▶ [Work to complete]: Every line of the data that contains the string "Antivirus" must be copied.
:::::
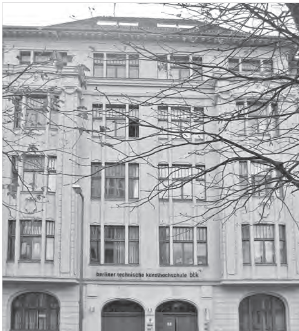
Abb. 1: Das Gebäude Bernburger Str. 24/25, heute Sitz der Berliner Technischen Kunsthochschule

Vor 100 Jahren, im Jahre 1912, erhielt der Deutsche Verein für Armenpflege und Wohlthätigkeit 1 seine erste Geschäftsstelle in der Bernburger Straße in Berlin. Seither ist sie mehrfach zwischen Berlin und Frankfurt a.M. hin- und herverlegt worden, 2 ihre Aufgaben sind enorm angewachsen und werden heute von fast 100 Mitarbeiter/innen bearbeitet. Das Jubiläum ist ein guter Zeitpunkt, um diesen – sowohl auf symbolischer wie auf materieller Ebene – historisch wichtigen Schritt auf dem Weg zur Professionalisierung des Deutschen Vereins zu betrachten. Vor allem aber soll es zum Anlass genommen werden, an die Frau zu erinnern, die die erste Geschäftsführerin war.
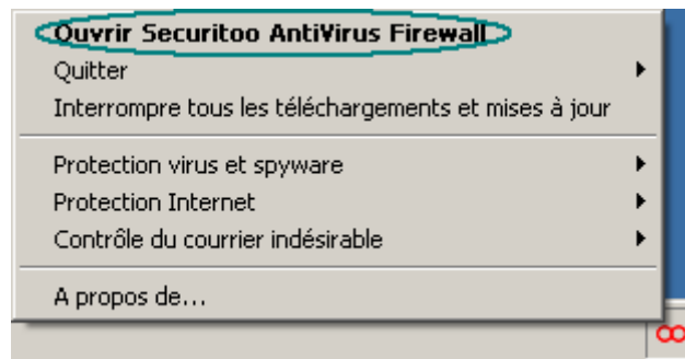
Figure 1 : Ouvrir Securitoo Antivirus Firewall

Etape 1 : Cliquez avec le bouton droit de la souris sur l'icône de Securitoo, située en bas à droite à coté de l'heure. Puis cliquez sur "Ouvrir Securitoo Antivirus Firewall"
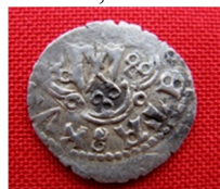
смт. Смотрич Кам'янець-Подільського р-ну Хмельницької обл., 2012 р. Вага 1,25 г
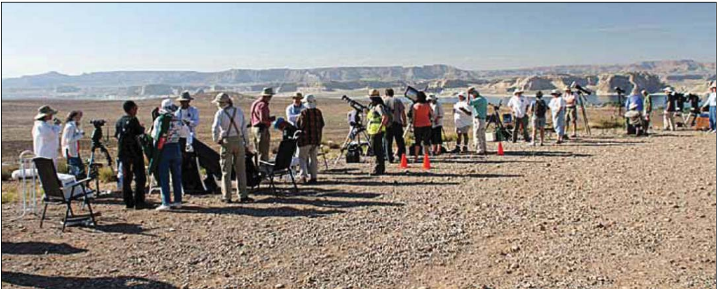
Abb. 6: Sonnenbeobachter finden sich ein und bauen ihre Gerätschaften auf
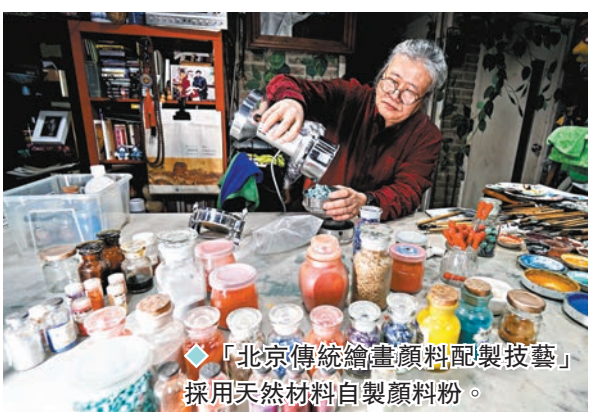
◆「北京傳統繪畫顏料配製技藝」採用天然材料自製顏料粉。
:::::
▶ [Completed task]:
Figure 1 : Ouvrir Securitoo Antivirus Firewall
Etape 1 : Cliquez avec le bouton droit de la souris sur l'icône de Securitoo, située en bas à droite à coté de l'heure. Puis cliquez sur "Ouvrir Securitoo Antivirus Firewall"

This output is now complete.